BEVERLY HILLS, CALIF. — As a self-described true-crime junkie and documentary filmmaker, Joe Berlinger seems an odd choice to direct the sequel to last summer's cult hit, "The Blair Witch Project."
After all, the Cinderella hit (made for $30,000) was the ultimate con, a faux documentary marketed from the start on the Internet as reality.
But with true fin de siecle irony, Mr. Berlinger was attracted by the opportunity to comment on that very publicity phenomenon in what he calls the first post-modern sequel.
What he came up with is what he calls more of "an antisequel." "Book of Shadows: Blair Witch 2" features none of the original cast and does not continue the film's story line.
Instead, Berlinger who wrote the script in five weeks (after rejecting three more traditional sequel versions commissioned by Artisan Entertainment), chose to comment on the events that followed the release of the original "Blair Witch Project."
Filmed in elegant 35 mm, not shaky hand-held video, the sequel takes the position that the cultural response to the first film is more interesting than asking audiences to once again suspend their disbelief and enter the fictional world of the Blair Witch.
"I try to infuse it with a social commentary," says the director, here for a three-day Webcast festival designed to build an audience in much the same way that Internet chatter set the stage for the first film. "It's a more honest way of connecting to my roots than the faux documentary of the original," he adds.
That said, Berlinger concedes he didn't see the opportunity immediately. He was in talks with Artisan pitching a film based on a true Los Angeles crime story when they offered him the sequel.
"I was talking about the vicissitudes of human behavior. I saw a light go off," he says. Executives handed him three scripts. The creator of such serious documentaries as "Brother's Keeper" and "Paradise Lost," Berlinger took on the project with the caveat that he be able to push it in his direction.
"I was also fascinated by the fact that according to Artisan, 40 percent of the people came out of 'The Blair Witch Project' thinking it was real," he says.
The new story unfolds over a few days. Inspired by the real-life town of Burkittsville, Md. (pop. 200), which was visited by thousands of "Blair Witch" fans, Berlinger follows five individuals as they pursue their obsession to an ambiguous and gory conclusion.
"I like to know what makes people tick," Berlinger says.
He says he was interested in the opportunity to examine the relationship between media images and human behavior. Does media violence lead to violent behavior? he asks.
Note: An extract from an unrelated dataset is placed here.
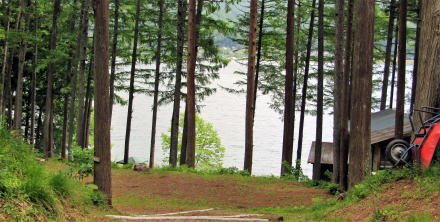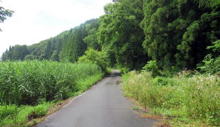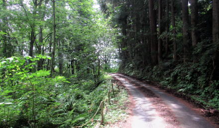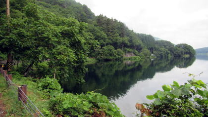◆キャンプ場付近◆ 今歩いている湖畔の道は、じつは往時の千国街道ではありません。その証拠は、この道筋には塩の道に特有の石仏がひとつも見あたらないことです。今は山林に埋もれてしまっていますが、ここよりも20~30メートルほど高いところに古い塩の道跡があるはずです。そこには、おそらく1丁ごとに石仏が置かれていたはずです。

The film is his effort to answer that question. He suggests that both sides of the argument in the wake of the Federal Trade Commission's recent report on media violence miss the point.
"I don't believe that violence begets violence, per se," he says. But the blurring of lines between reality and fiction, as embodied in the first "Blair Witch" film, is part of the problem, he says.
"As a storyteller, I loved it," he says, in particular the "found footage" conceit at its heart. "But as a documentary filmmaker, I found it troubling because it was sold as real."
Aware of the obvious irony of using a mainstream horror franchise as a vehicle for his ideas, Berlinger suggests that in some ways, it's a perfect fit.
"This is a parable saying we are heading for dangerous territory. We live in empty spiritual times; blaming things on the supernatural is an excuse to not accept human responsibility."
The marketing campaign for "Book of Shadows" targets the hard-core horror-film fan. This concerns Berlinger, but he says the film had to work first on a commercial level or it wouldn't get made.
The best Berlinger says he can hope for is that word of mouth will pull in a broader audience.
After years in the independent film world, he's grateful for a shot at a mainstream feature. "Opportunities come in funny shapes and sizes," he adds.